• **Data to process**:
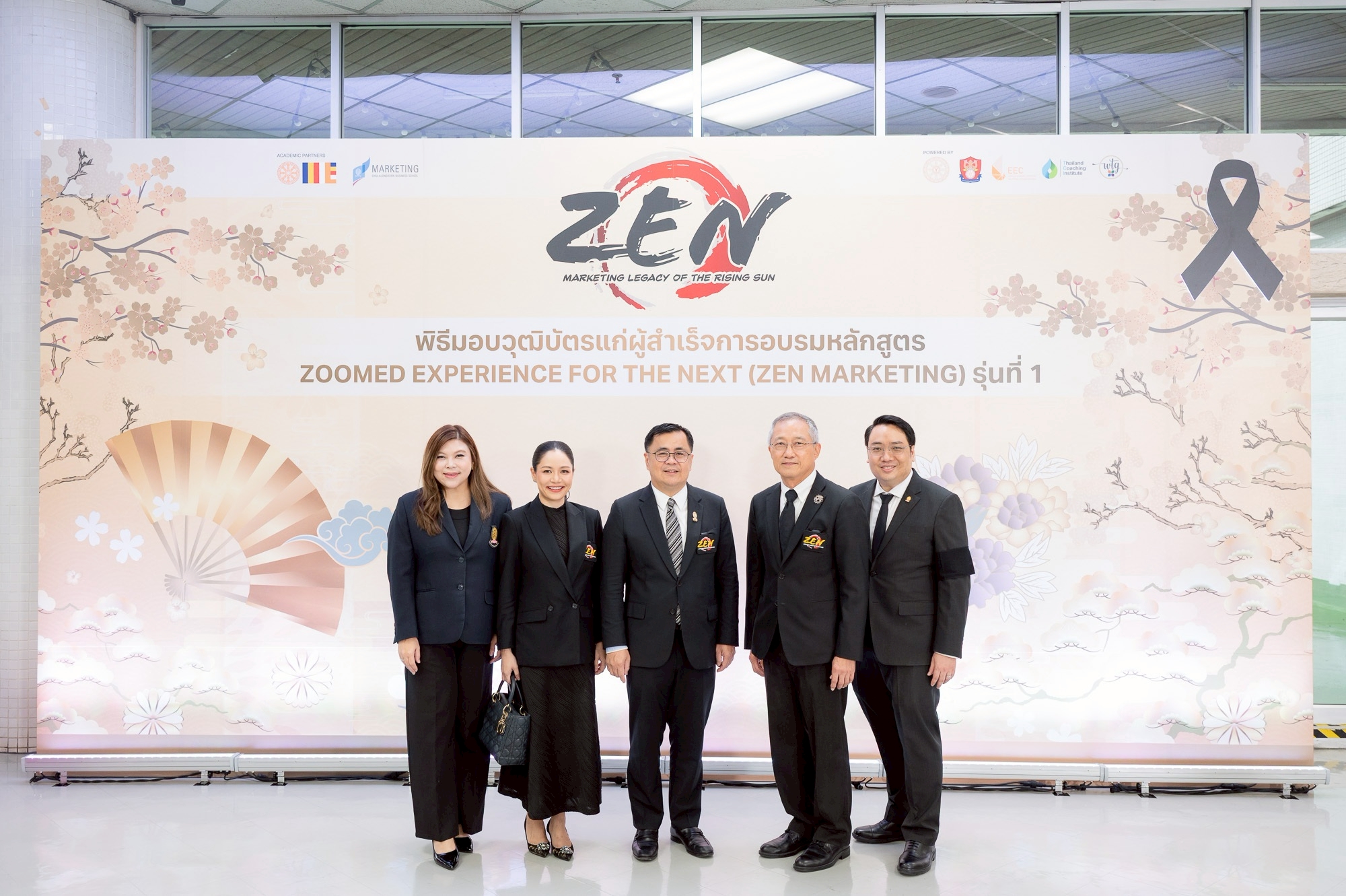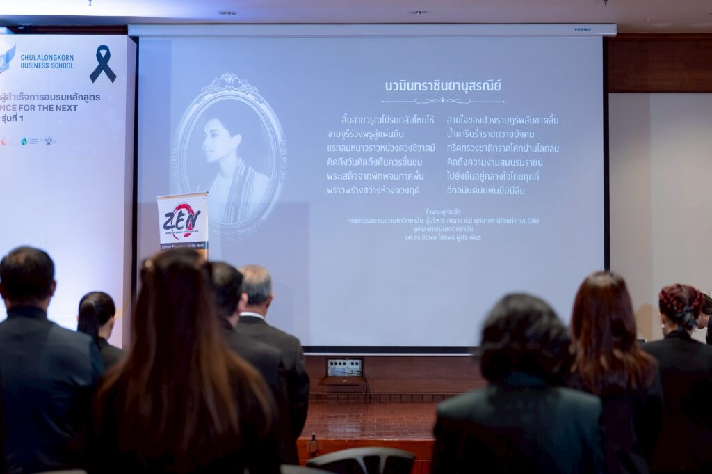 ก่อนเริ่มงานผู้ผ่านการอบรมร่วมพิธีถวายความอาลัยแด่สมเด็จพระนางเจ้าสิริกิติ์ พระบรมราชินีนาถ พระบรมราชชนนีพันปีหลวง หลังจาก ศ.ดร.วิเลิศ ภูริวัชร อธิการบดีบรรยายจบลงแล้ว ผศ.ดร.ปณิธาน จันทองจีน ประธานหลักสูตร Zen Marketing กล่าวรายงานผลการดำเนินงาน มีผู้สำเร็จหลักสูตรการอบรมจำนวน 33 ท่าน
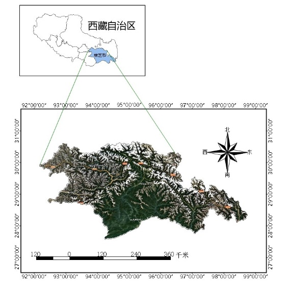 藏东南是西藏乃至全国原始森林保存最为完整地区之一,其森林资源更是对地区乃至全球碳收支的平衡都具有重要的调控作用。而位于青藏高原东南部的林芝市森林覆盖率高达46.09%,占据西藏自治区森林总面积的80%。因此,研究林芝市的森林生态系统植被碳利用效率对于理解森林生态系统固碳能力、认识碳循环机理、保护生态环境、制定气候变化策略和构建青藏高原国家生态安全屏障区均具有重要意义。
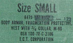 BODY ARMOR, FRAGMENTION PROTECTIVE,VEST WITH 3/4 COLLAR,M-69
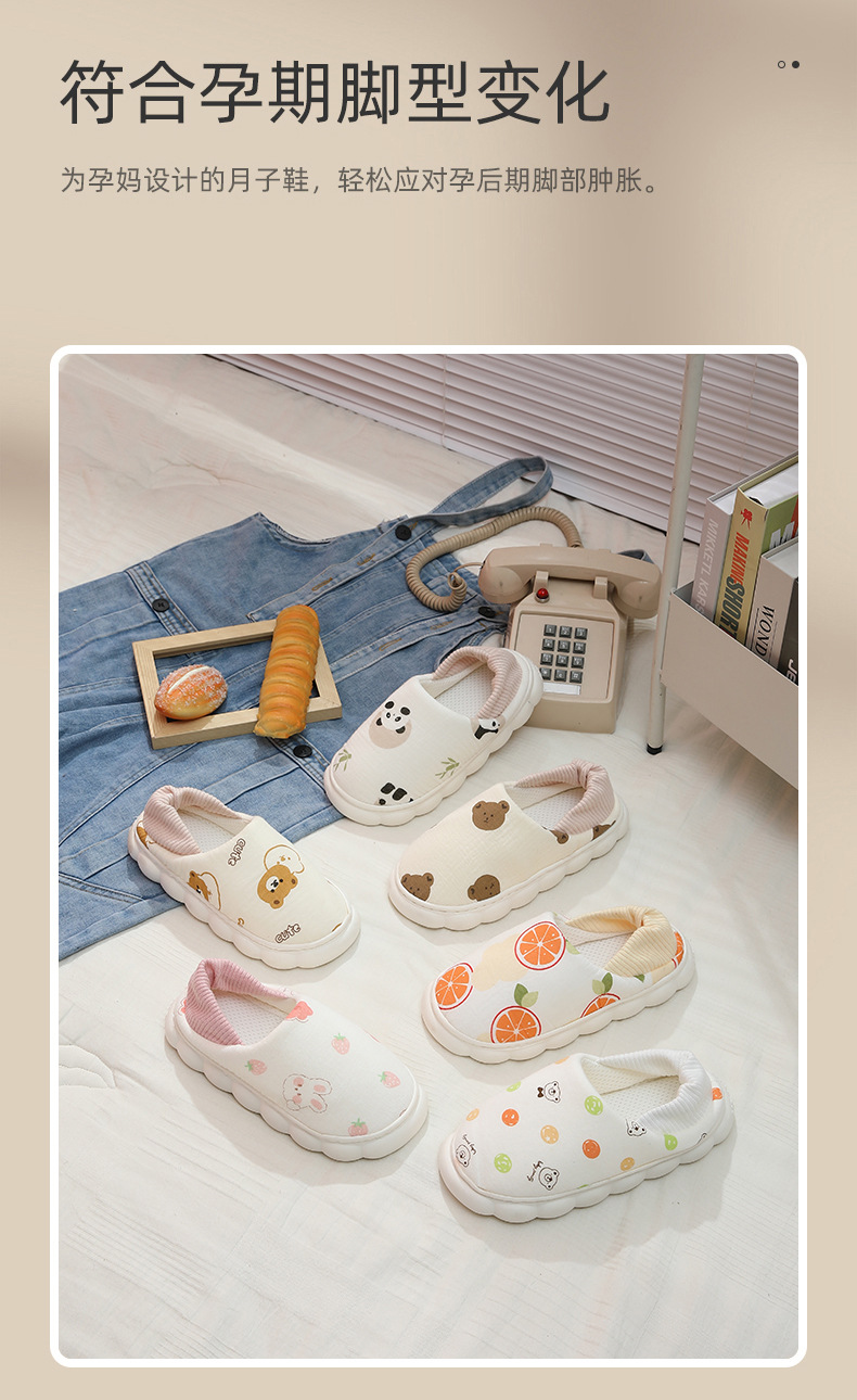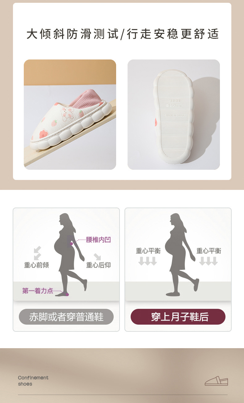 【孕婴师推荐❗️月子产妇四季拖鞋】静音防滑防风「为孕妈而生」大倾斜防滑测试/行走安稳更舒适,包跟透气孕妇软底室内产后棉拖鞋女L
==
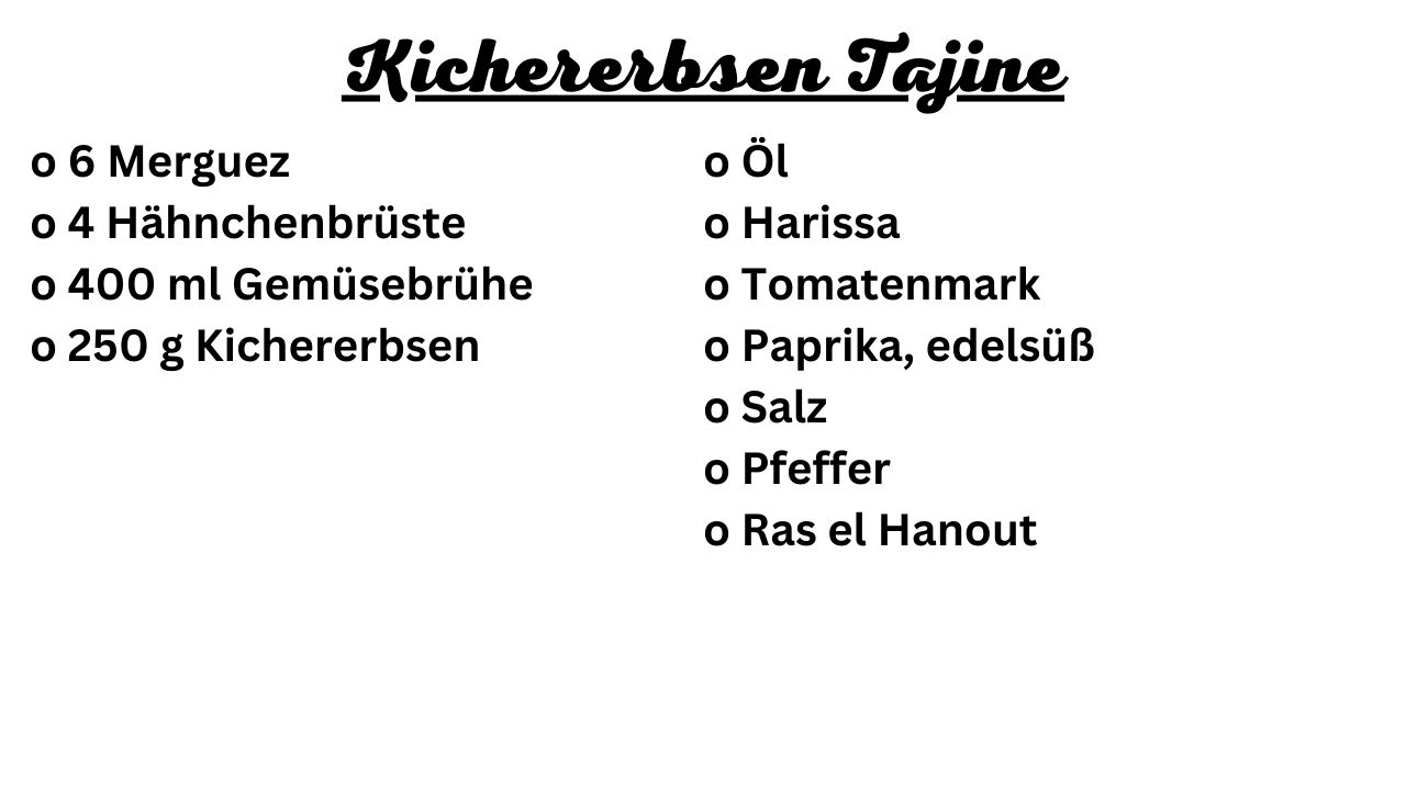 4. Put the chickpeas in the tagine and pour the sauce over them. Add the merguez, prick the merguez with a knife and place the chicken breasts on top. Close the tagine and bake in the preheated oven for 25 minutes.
...
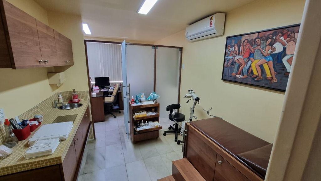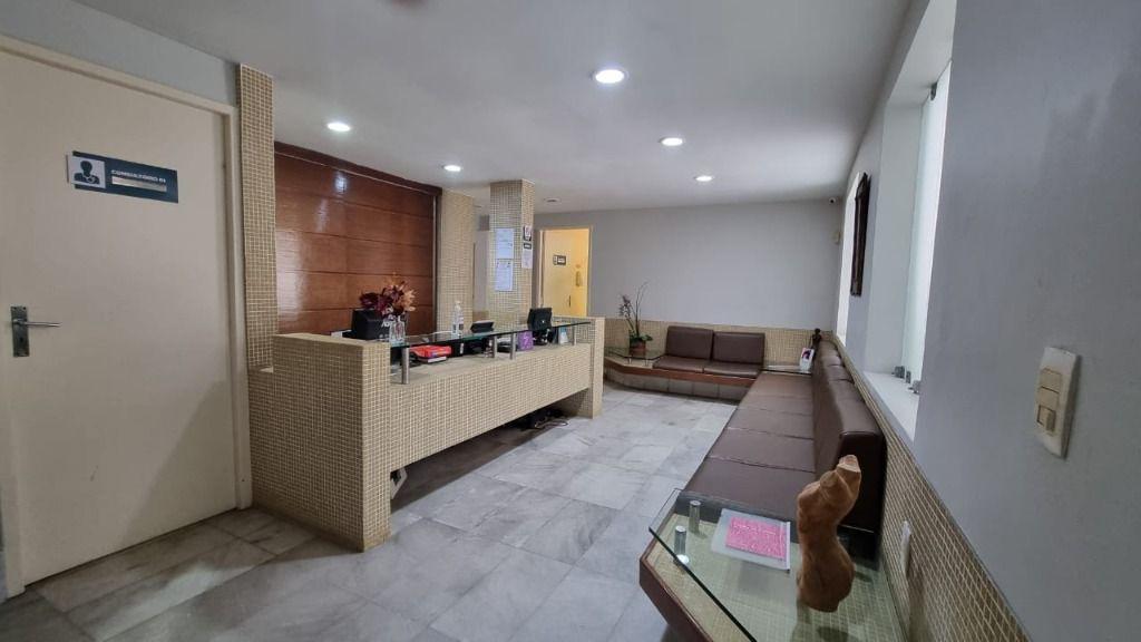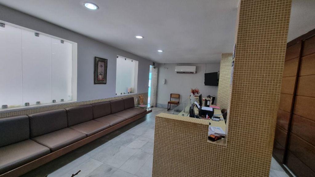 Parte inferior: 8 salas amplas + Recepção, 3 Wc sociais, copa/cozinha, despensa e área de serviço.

• **Your instructions**: In the listing above, find the line containing "มีผู้สำเร็จหลักสูตรการอบรมจำนวน 33 ท่าน" and the line containing "藏东南是西藏乃至全国原始森林". Reproduce those lines and all between them exactly, with no pictures and nothing more.

• **Output below**:
 ก่อนเริ่มงานผู้ผ่านการอบรมร่วมพิธีถวายความอาลัยแด่สมเด็จพระนางเจ้าสิริกิติ์ พระบรมราชินีนาถ พระบรมราชชนนีพันปีหลวง หลังจาก ศ.ดร.วิเลิศ ภูริวัชร อธิการบดีบรรยายจบลงแล้ว ผศ.ดร.ปณิธาน จันทองจีน ประธานหลักสูตร Zen Marketing กล่าวรายงานผลการดำเนินงาน มีผู้สำเร็จหลักสูตรการอบรมจำนวน 33 ท่าน
 藏东南是西藏乃至全国原始森林保存最为完整地区之一,其森林资源更是对地区乃至全球碳收支的平衡都具有重要的调控作用。而位于青藏高原东南部的林芝市森林覆盖率高达46.09%,占据西藏自治区森林总面积的80%。因此,研究林芝市的森林生态系统植被碳利用效率对于理解森林生态系统固碳能力、认识碳循环机理、保护生态环境、制定气候变化策略和构建青藏高原国家生态安全屏障区均具有重要意义。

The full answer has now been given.